Adding New Load Balancing Strategies

1. Add your strategy to utils/loadbalancer.ts:

loadbalancer.CUSTOM_STRATEGY = (service: ServiceEntry) => {
  // Your custom logic here
  // Return the index of the selected instance
  return selectedIndex;
};

2. Use it in your service configuration:

{
  "loadBalanceStrategy": "CUSTOM_STRATEGY"
}

💡 Examples

Example: Complete Setup

1. Start the Gateway:

npm run dev

2. Register a Service:

curl -X POST http://localhost:3000/register \
  -H "Content-Type: application/json" \
  -H "Authorization: Basic YWRtaW46cGFzc3dvcmQ=" \
  -d '{
    "name": "user-service",
    "protocol": "http",
    "host": "localhost",
    "port": 3001
  }'

3. Make Requests Through Gateway:

curl -X GET http://localhost:3000/user-service/api/users \
  -H "Authorization: Basic YWRtaW46cGFzc3dvcmQ="

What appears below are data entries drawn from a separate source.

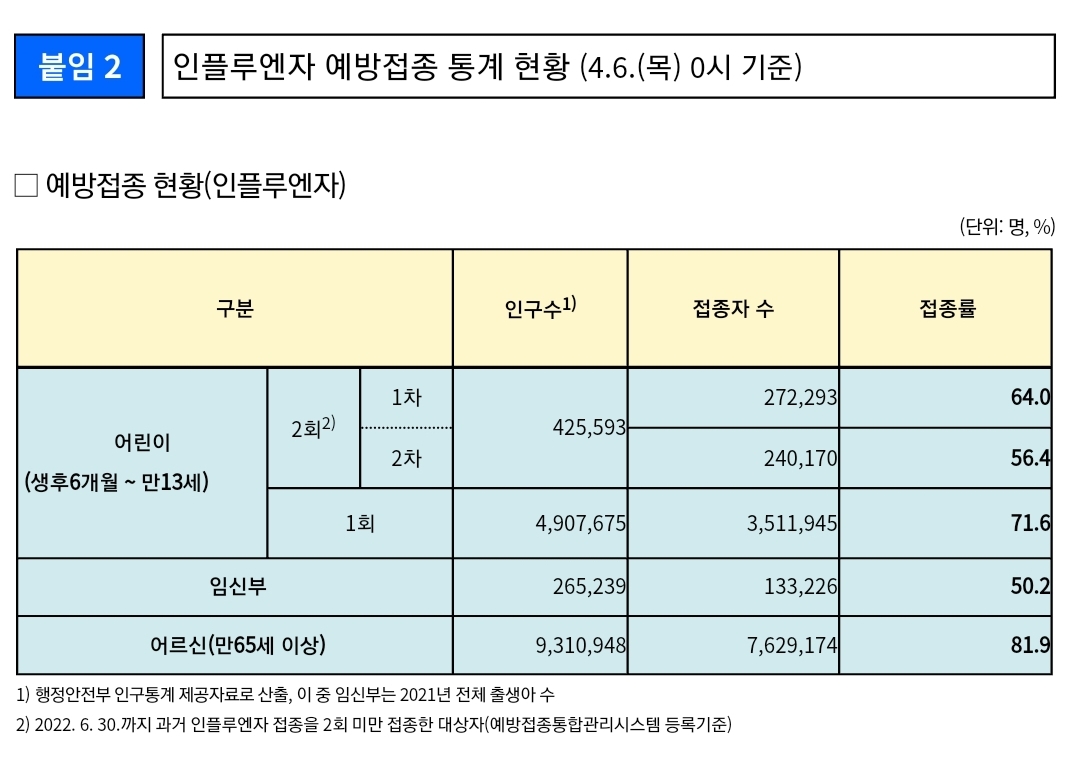 인플루엔자 예방접종 통계 현황 (4.6.(목) 0시 기준)
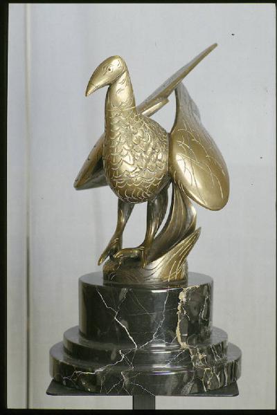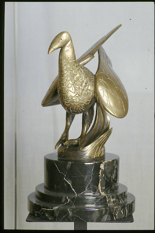 Colomba con ali e coda scostati dal corpo, come se si stesse alzando in volo o si fosse appenna appoggiata al suolo; superficie incisa con solchi a indicare il piumaggio
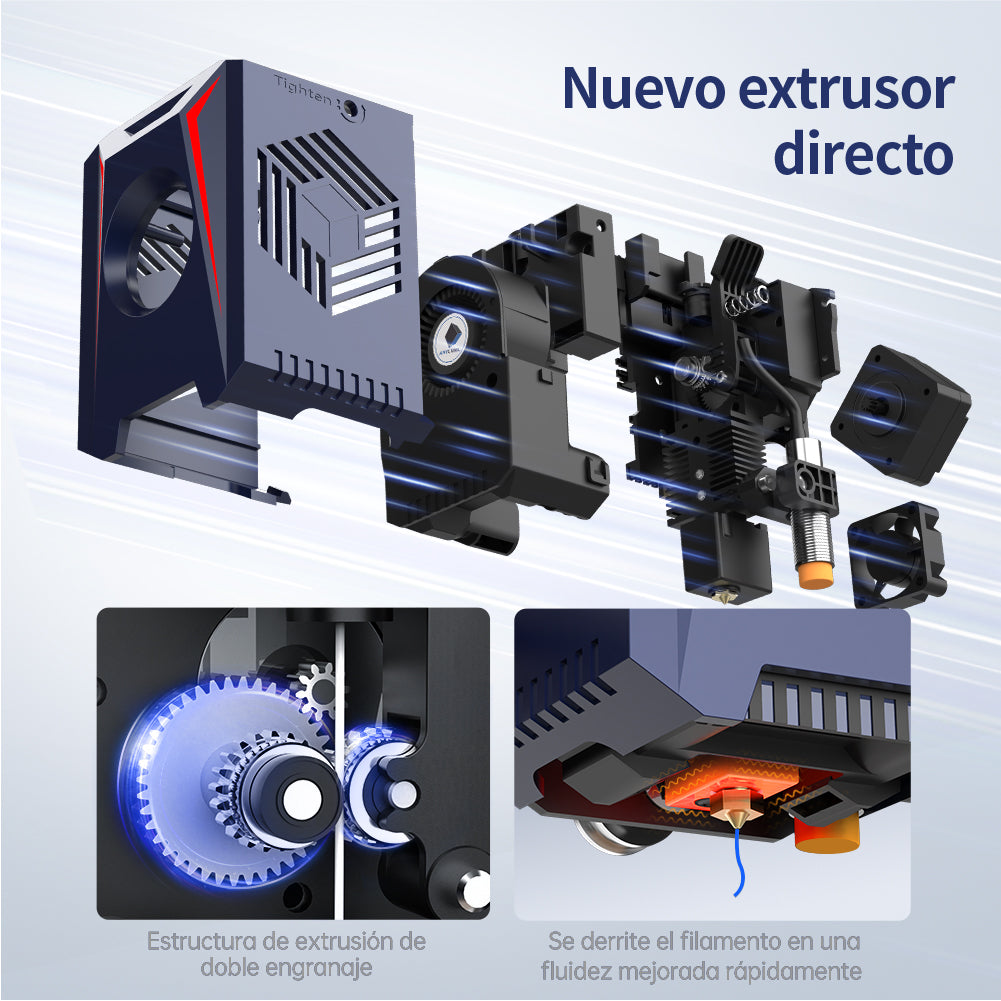 La potencia del extrusor mejorado alcanza hasta 60 vatios, derrite rápidamente el filamento con una mayor fluidez; la estructura de extrusión de doble engranaje controla con precisión la entrega de material.

Example: Multiple Instances with Load Balancing

# Register first instance
curl -X POST http://localhost:3000/register \
  -H "Content-Type: application/json" \
  -H "Authorization: Basic YWRtaW46cGFzc3dvcmQ=" \
  -d '{
    "name": "user-service",
    "protocol": "http",
    "host": "localhost",
    "port": 3001
  }'

# Register second instance
curl -X POST http://localhost:3000/register \
  -H "Content-Type: application/json" \
  -H "Authorization: Basic YWRtaW46cGFzc3dvcmQ=" \
  -d '{
    "name": "user-service",
    "protocol": "http",
    "host": "localhost",
    "port": 3002
  }'

Now requests to /user-service/* will be load-balanced between both instances.

🛡️ Security Features

• Helmet.js: Automatically sets various HTTP headers for security
• Basic Authentication: All requests require valid credentials
• Request Validation: Input validation for service registration
• Error Handling: Comprehensive error handling with appropriate HTTP status codes

🚧 Roadmap

• JWT Authentication support
• Rate limiting
• Request/Response logging
• Health checks for registered services
• Circuit breaker pattern
• Metrics and monitoring
• Docker support
• WebSocket support

🤝 Contributing

1. Fork the repository
2. Create your feature branch (git checkout -b feature/amazing-feature)
3. Commit your changes (git commit -m 'Add some amazing feature')
4. Push to the branch (git push origin feature/amazing-feature)
5. Open a Pull Request

📄 License

This project is licensed under the ISC License - see the LICENSE file for details.

🙏 Acknowledgments

• Express.js community for the robust web framework
• Helmet.js for security middleware
• TypeScript team for excellent type support

---

Note: This is a educational/development API Gateway. For production use, consider additional features like SSL termination, advanced authentication, monitoring, and scaling capabilities.